Does Recession Slow Divorce?


You might think financial troubles would drive couples apart.

You would be right – but paradoxically, that doesn’t in turn lead to more divorces. In tough times, many people find it’s cheaper to stay together, according to reports here and here. Divorce means setting up two households, and middle-class couples who are barely getting by can’t afford that luxury. Across the country, state courts report declines in divorce and separation filings.

Even after a divorce, some couples are continuing to live together because they can’t sell their house. A Denver couple divorced last January but moved back in together after their home drew no buyers. They sleep in separate bedrooms, watch TV at opposite ends of the house and endure many awkward silences. Other couples formalize their split in other ways: one researcher tells of a couple who hung a heavy tarp right across the middle of their household.
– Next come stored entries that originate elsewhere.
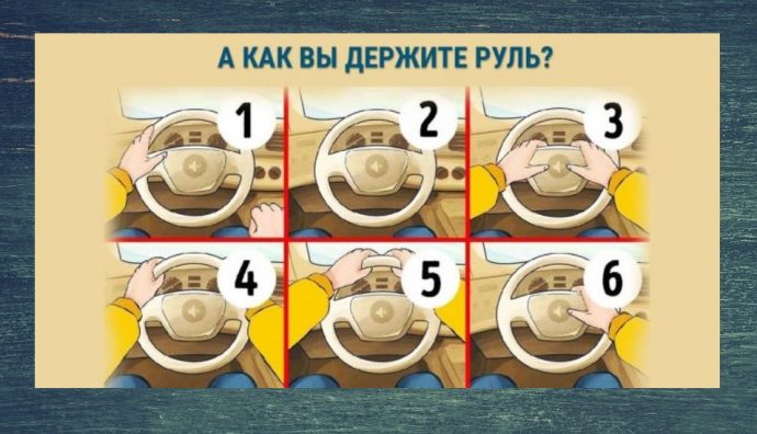Если вы чаще всего держите руль именно так, то вы целеустремлённый человек. Вы умеете добиваться желаемого и достигать высот. Любовь к саморазвитию — это в вас заложено природой. Тренинги, курсы, чтение литературы — вы сделаете всё для того, чтобы перейти на следующую ступень. В вас пылает любовь к знаниям и именно это ведёт вас по жизни вперёд.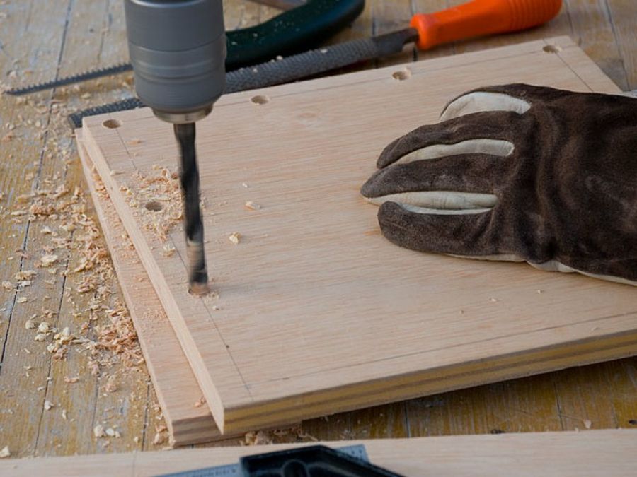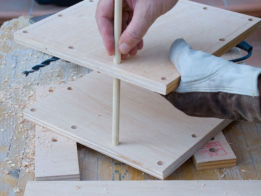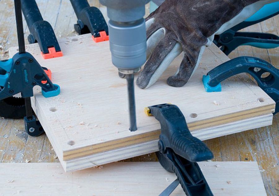 Tras hacer los preparativos en la primera tabla, la fijamos como una plantilla a la segunda con pinzas de resorte, y de esa manera sencilla coincidirán los agujeros de la base y el techo.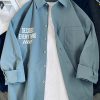 Mùa hè khâu túi áo sơ mi ngắn tay nam màu xanh nước biển bên ngoài áo sơ mi mỏng bên ngoài áo thun nam mùa hè cỡ lớn ve áo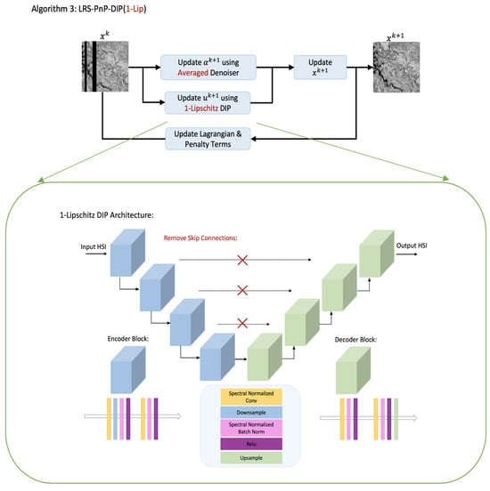 The enhanced algorithm is denoted as LRS-PnP-DIP(1-Lip), which is shown in Algorithm 3, and its flow chart is provided in Figure 1.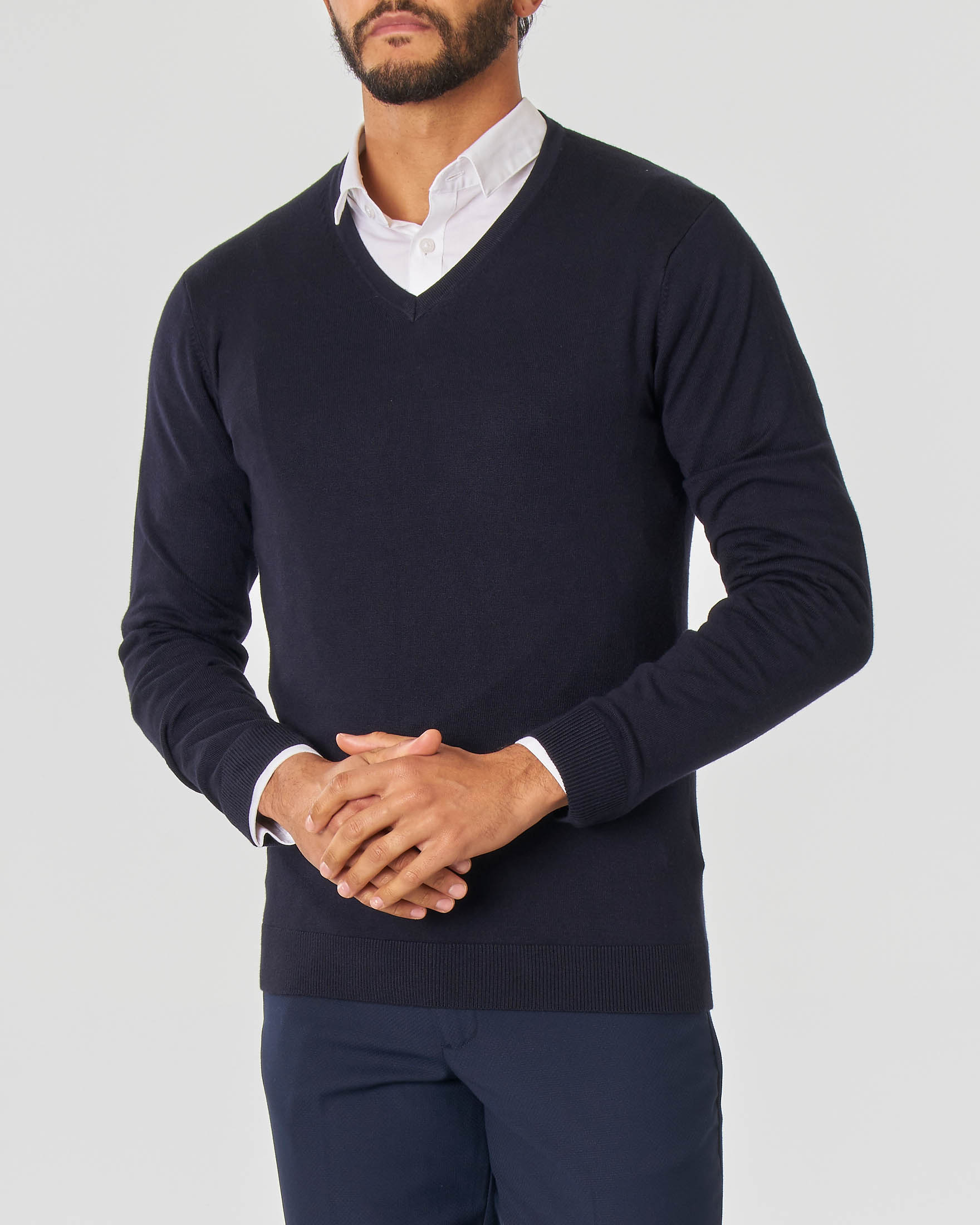 Maglia Paul Baker blu scollo a V tinta unita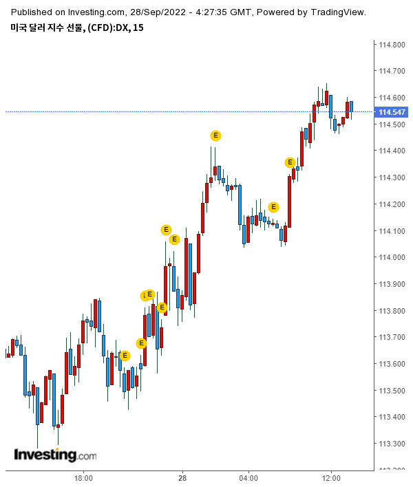 미국 달러 인덱스는 미국 달러가 다른 통화에 비해 "강세"(가치)를 얻을 때 상승합니다.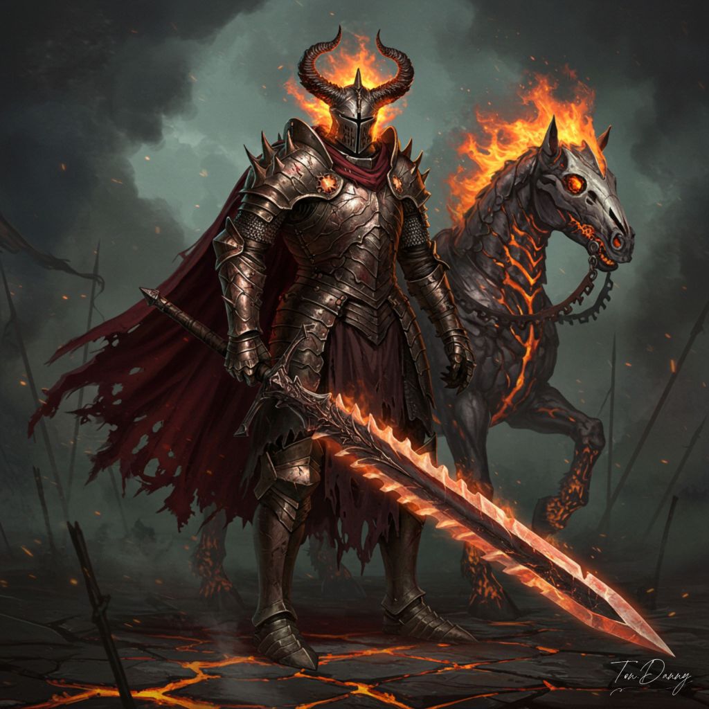 “An infernal knight clad in cursed, spiked armor stalks the battlefield of an eternal war. Its helmet, shaped like the skull of a beast, glows faintly with the fire of its unholy soul, and its cape is tattered and scorched, trailing embers as it moves. In its gauntleted hands, it wields a massive, serrated sword that seems to drink the light around it, leaving only shadows in its wake. The knight’s steed, a skeletal warhorse with flames erupting from its joints, stomps the ground, leaving molten hoofprints in the cracked earth. A haunting chorus of wails echoes through the sulfur-choked air as the knight advances.”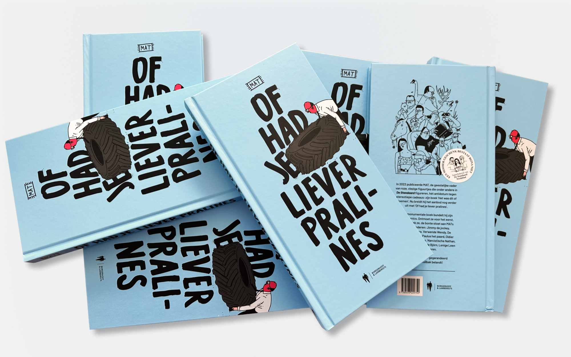 In 2022 publiceerde MAT, de geestelijke vader van roze, vlezige figuurtjes die onder andere in De Standaard figureren, hét antidotum tegen stereotiepe cadeaus: zijn boek Het was dit of bloemen. Dit jaar breidt hij het aanbod nog verder uit met Of had je liever pralines?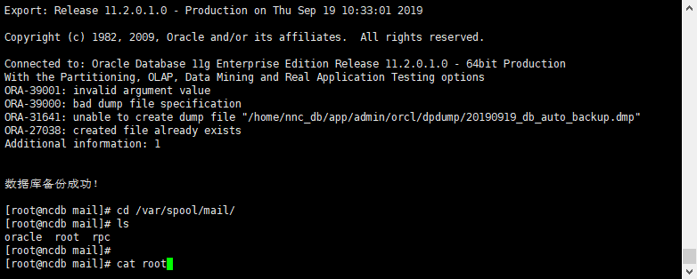 然后定义一个变量date(它的作用是为每天备份的文件命名便于识别),使用expdp命令导出数据库,代码如下:

Job loss and sharp fluctuations of income place heavy strain on any marriage, the Council on Contemporary Families reports. And as Jeff Opdyke, The Wall Street Journal’s “Love and Money” columnist, reports in his forthcoming book, “Financially Ever After: The Couples’ Guide to Managing Money,” too many couples enter marriage without the necessary tools even to talk about money without anger, frustration and hurt seeping into the conversation.

Other times, however, fights over money are merely a proxy for other, deeper issues in a marriage, such as a power struggle, jealousy or a loss of intimacy.

Readers, have you found ways to insulate your marriage from financial stress? And if you were considering divorce, would a lack of money be enough to stave it off?